Official title: Amend the Internal Revenue Code of 1986 to promote new business innovation, and for other purposes.
Introduced March 25, 2026 by Marsha Blackburn · Last progress March 25, 2026
The bill gives new and recent small businesses faster, more predictable tax relief (bigger immediate deductions, amortization, and transition protections) while increasing near-term federal revenue costs and adding complexity — and it tightens rules on ownership changes that can both protect the tax base and raise taxes or compliance burdens for buyers of affected firms.
Small-business owners can immediately deduct up to $20,000 of start-up and organizational costs (phased out above $120,000), lowering first-year tax bills and improving early cash flow.
Businesses can amortize remaining start-up and organizational costs over 180 months, giving new firms predictable multi-year tax relief and smoother expense recognition.
Businesses that began before Feb 1, 2026 keep full access to their net operating losses (NOLs) and credits after ownership changes, protecting existing startups from retroactive loss of tax attributes.
Higher upfront deductions for start-up costs reduce federal tax revenue and could widen the deficit unless Congress offsets the cost.
Businesses that undergo ownership changes after Jan 31, 2026 risk losing some NOL carryforwards and unused start-up-related credits, increasing taxable income for new owners and reducing available tax offsets.

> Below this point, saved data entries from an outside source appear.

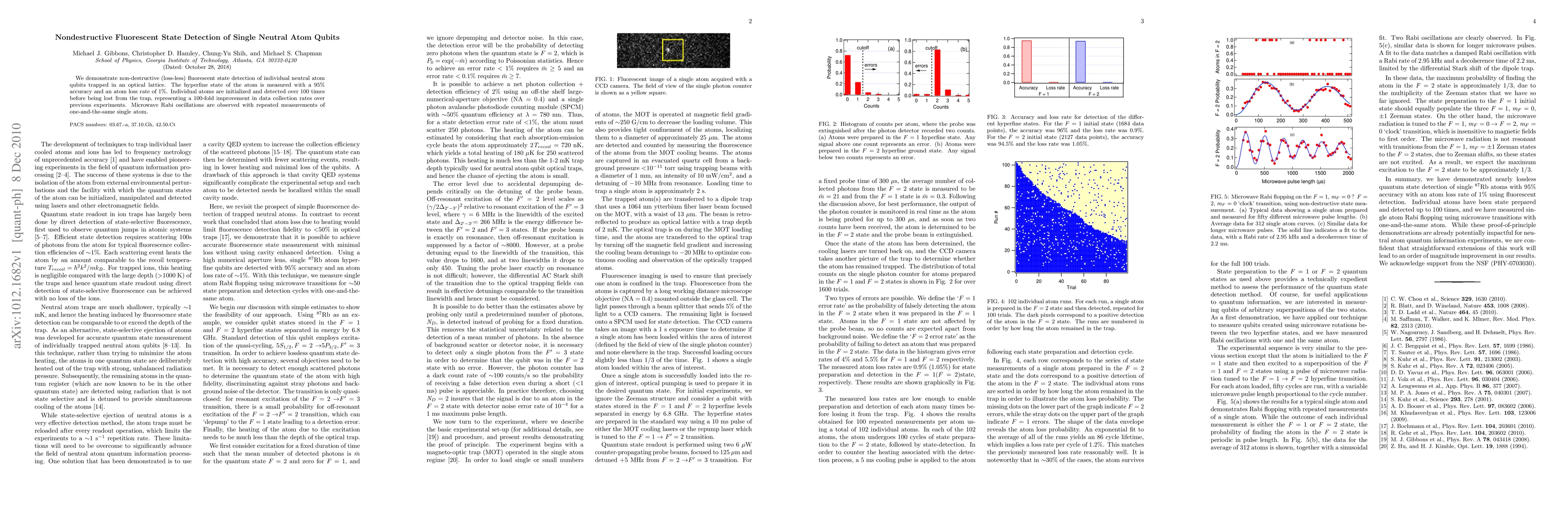 This paper presents a method for non-destructive fluorescent state detection of single neutral atom qubits in an optical lattice, achieving 95% accuracy and a 1% atom loss rate. This technique allows for repeated measurements of the same atom, significantly improving data collection rates by 100 times compared to previous experiments.
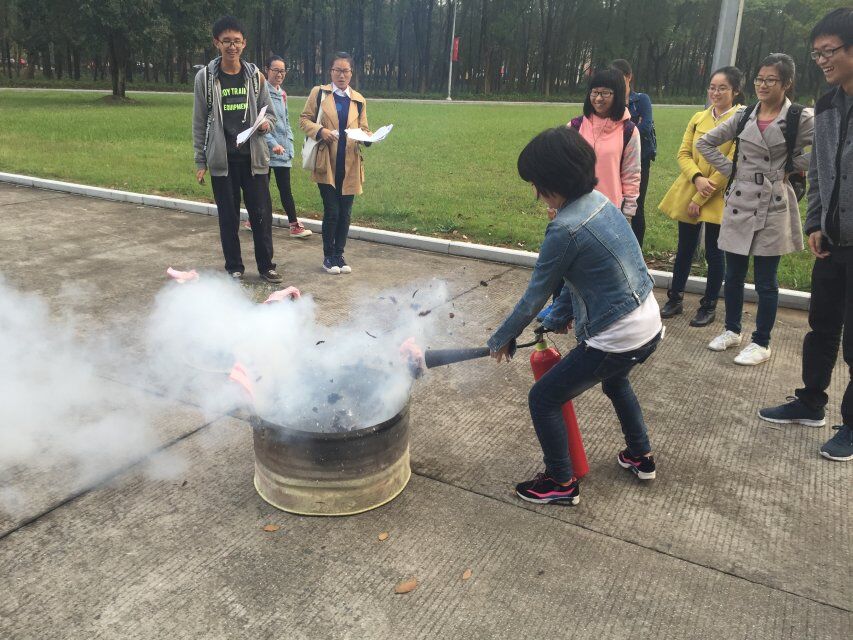 本次活动由观看消防知识视频环节、知识问答环节、CPR教学环节、知识比拼“天梯赛”环节及灭火器使用现场教环节组成。“灭火器现场教学”环节,由保卫处老师和学院学生工作负责老师监督完成,同学们从中学会了正确规范地使用干粉灭火器和二氧化碳灭火器。
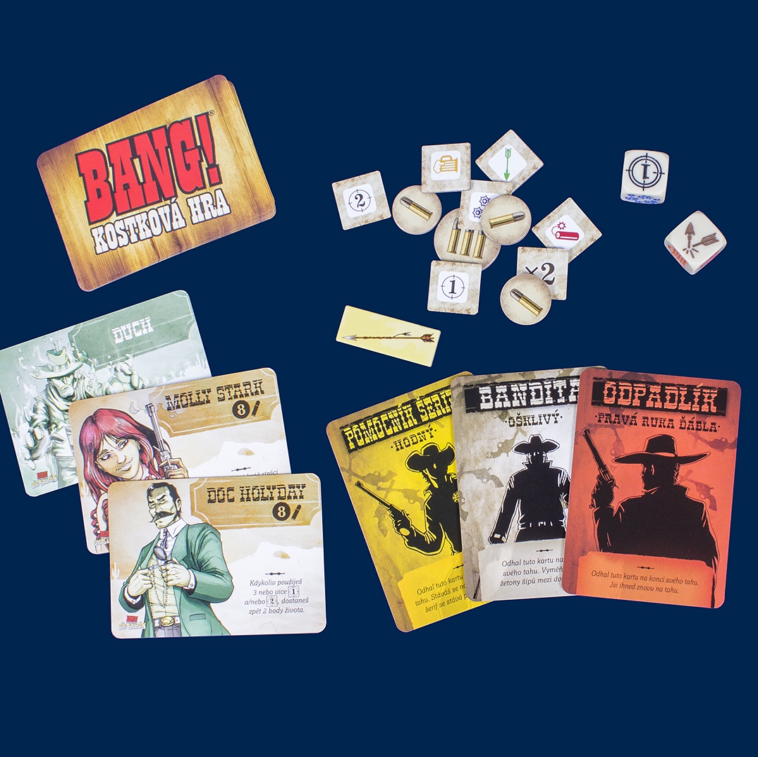 Old Saloon je prvým rozšírením pre kockovú hru Bang!. Do hry pridáva hneď päticu modulov, ktoré môžete navzájom kombinovať a ozvláštniť si s ich pomocou partie kockovej hry Bang! Pre hranie je nutné vlastniť základnú kockovú hru Bang!. Priebeh hry sa podobá základnému variantu kockovej hry Bang!, ale s niekoľkými obmenami, v ktorých prijdu k slovu nové kocky, špeciálne roly a nové postavy. Hra Bang! Old Saloon obsahuje: 2 kocky saloonu, 22 kariet, 7 žetónov pre ducha, žetón šípu indiánskeho náčelníka, body života a pravidlá v slovenčine a češtine. Poznámka: Neodporúčame miešať rozšírenia Old Saloon a Nemrtví alebo živí dohromady, ale hrať ich vždy samostatne. Každé rozšírenie je vyvinuté k hraniu iba so základnou hrou, aby si hráči naplno užili špeciálne elementy a vznuté herné situácie. Rozšírenia je možné hrať dohromady, ale veľmi to ovplyvňuje hernú dynamiku a výrazne predlžuje hraciu dobu.

New allocation rules, continuity tests, and transition calculations add complexity and compliance costs for corporate taxpayers and increase administrative burden for the IRS.
Based on analysis of 3 sections of legislative text.
Consolidates startup/organizational expense rules into IRC §195, raises immediate deduction to $20,000 (phased out over $120,000), amortizes the rest over 180 months, and limits post‑change use of start‑up NOLs and credits.
Senator · R-TN
Consolidates and expands federal tax rules for startup and organizational expenditures, raising the immediate deduction and simplifying how new businesses deduct or amortize start-up costs. It also limits the ability to preserve and use start-up-period net operating losses (NOLs) and unused general business credits after an ownership change by creating carve-outs that reduce transferable losses and credits that are attributable to a business’s start-up period. The bill redesigns IRC section 195 as the main start-up/organizational-expense rule, increases the immediate deduction to $20,000 (phased out over $120,000 of expenditures) with the remainder amortizable over 180 months, sets entity-level elections for pass-throughs, treats single-owner disregarded entities like corporations for these rules, and adds inflation adjustments and transition dates. It also adds new limitations to sections 382 and 383 to deny use of NOLs and credits that are allocable to start-up-period losses/credits after an ownership change, with specified exceptions and transition rules.